▶ [BRIEF]
All of the data is to be copied without a single change.

▶ [INFORMATION]
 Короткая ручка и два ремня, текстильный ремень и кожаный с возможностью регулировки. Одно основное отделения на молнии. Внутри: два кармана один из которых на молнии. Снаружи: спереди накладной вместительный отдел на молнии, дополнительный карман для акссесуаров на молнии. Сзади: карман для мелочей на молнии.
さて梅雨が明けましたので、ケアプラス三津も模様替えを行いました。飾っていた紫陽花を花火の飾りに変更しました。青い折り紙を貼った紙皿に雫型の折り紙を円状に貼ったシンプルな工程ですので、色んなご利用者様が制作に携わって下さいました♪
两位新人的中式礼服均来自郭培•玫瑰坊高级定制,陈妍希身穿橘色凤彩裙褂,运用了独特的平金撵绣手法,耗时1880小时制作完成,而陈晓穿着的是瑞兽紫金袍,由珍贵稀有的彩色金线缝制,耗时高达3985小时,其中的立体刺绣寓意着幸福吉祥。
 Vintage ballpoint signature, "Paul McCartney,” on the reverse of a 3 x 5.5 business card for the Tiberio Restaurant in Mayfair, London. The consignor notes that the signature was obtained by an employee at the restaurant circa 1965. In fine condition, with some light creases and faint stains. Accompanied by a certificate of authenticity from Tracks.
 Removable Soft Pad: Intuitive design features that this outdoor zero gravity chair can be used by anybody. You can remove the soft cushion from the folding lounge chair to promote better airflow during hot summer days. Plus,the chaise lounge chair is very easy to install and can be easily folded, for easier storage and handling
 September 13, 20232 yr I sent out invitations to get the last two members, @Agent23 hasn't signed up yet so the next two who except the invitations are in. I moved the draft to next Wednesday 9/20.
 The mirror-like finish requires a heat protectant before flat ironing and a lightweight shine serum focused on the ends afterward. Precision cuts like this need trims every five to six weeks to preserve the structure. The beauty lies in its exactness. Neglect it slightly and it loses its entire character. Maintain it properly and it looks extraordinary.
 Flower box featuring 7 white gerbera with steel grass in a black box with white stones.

▶ [ANSWER TO THE PROBLEM]
 Короткая ручка и два ремня, текстильный ремень и кожаный с возможностью регулировки. Одно основное отделения на молнии. Внутри: два кармана один из которых на молнии. Снаружи: спереди накладной вместительный отдел на молнии, дополнительный карман для акссесуаров на молнии. Сзади: карман для мелочей на молнии.
さて梅雨が明けましたので、ケアプラス三津も模様替えを行いました。飾っていた紫陽花を花火の飾りに変更しました。青い折り紙を貼った紙皿に雫型の折り紙を円状に貼ったシンプルな工程ですので、色んなご利用者様が制作に携わって下さいました♪
两位新人的中式礼服均来自郭培•玫瑰坊高级定制,陈妍希身穿橘色凤彩裙褂,运用了独特的平金撵绣手法,耗时1880小时制作完成,而陈晓穿着的是瑞兽紫金袍,由珍贵稀有的彩色金线缝制,耗时高达3985小时,其中的立体刺绣寓意着幸福吉祥。
 Vintage ballpoint signature, "Paul McCartney,” on the reverse of a 3 x 5.5 business card for the Tiberio Restaurant in Mayfair, London. The consignor notes that the signature was obtained by an employee at the restaurant circa 1965. In fine condition, with some light creases and faint stains. Accompanied by a certificate of authenticity from Tracks.
 Removable Soft Pad: Intuitive design features that this outdoor zero gravity chair can be used by anybody. You can remove the soft cushion from the folding lounge chair to promote better airflow during hot summer days. Plus,the chaise lounge chair is very easy to install and can be easily folded, for easier storage and handling
 September 13, 20232 yr I sent out invitations to get the last two members, @Agent23 hasn't signed up yet so the next two who except the invitations are in. I moved the draft to next Wednesday 9/20.
 The mirror-like finish requires a heat protectant before flat ironing and a lightweight shine serum focused on the ends afterward. Precision cuts like this need trims every five to six weeks to preserve the structure. The beauty lies in its exactness. Neglect it slightly and it loses its entire character. Maintain it properly and it looks extraordinary.
 Flower box featuring 7 white gerbera with steel grass in a black box with white stones.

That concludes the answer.